Добавить в цитаты Настройки чтения

Страница 69 из 81



Любовь, основанная на взаимном наслаждении, ненадолго переживает его, и это наше счастье. Хотя воспоминание о ней, пусть даже поблекшее и бессильное возродить прежние бурные чувства, при некоторых условиях все же сохраняется. Такое воспоминание соткано из уважения и милосердия – свойств, безнадежно далеких от самой любви. В нем трепещет чувство, на котором зиждятся лишь немногие человеческие поступки, – чувство благодарности. Мне кажется, подлинное сладострастие возможно лишь для людей в возрасте: жизненные бури смягчили их, научили всепрощению, почти нежности к ошибкам, порокам, смешным чертам других.
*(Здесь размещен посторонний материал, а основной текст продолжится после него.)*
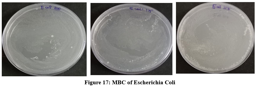 To determine the MBC, the Sample were drawn from(1000µg/ml,125µg/ml,15.6µg/ml) Tubes and plated enumerate the viable colonies by pour plate method. It was then incubated for 24 hours, the outcomes for this period were shown(Figure 17 to 20)(Table 4).

Отсюда, быть может, рождается сочувствие, извиняющее чужие промахи, ибо, по сути дела, оно извиняет их себе.

«Ка!» – звала Жанна.

Определенная манера произносить наше имя – этот короткий звуковой символ, присвоенный теми, кто производит нас на свет, существу, еще даже не полностью отделившемуся от них, – мгновенно отпирает наше тело подобно ключу, подобно «сезаму», открывающему доступ в пещеру, к сокровищам сорока разбойников, и способному одновременно освободить Али Бабу и запереть Касима – до самой смерти или до возвращения разбогатевших разбойников. Эта манера по-своему окрестить другого любовным шепотом внезапно, как по волшебству, раскрепощает нас в ночной тьме, в наготе, в сражении экстаз, в слепом, безмолвном, неуверенном, жадном, сладостном и ожесточенном поиске, который напрягает все наше тело, помогая ему до последнего мига удерживаться от оргазма, а после раствориться в блаженном забытьи себя и всего остального.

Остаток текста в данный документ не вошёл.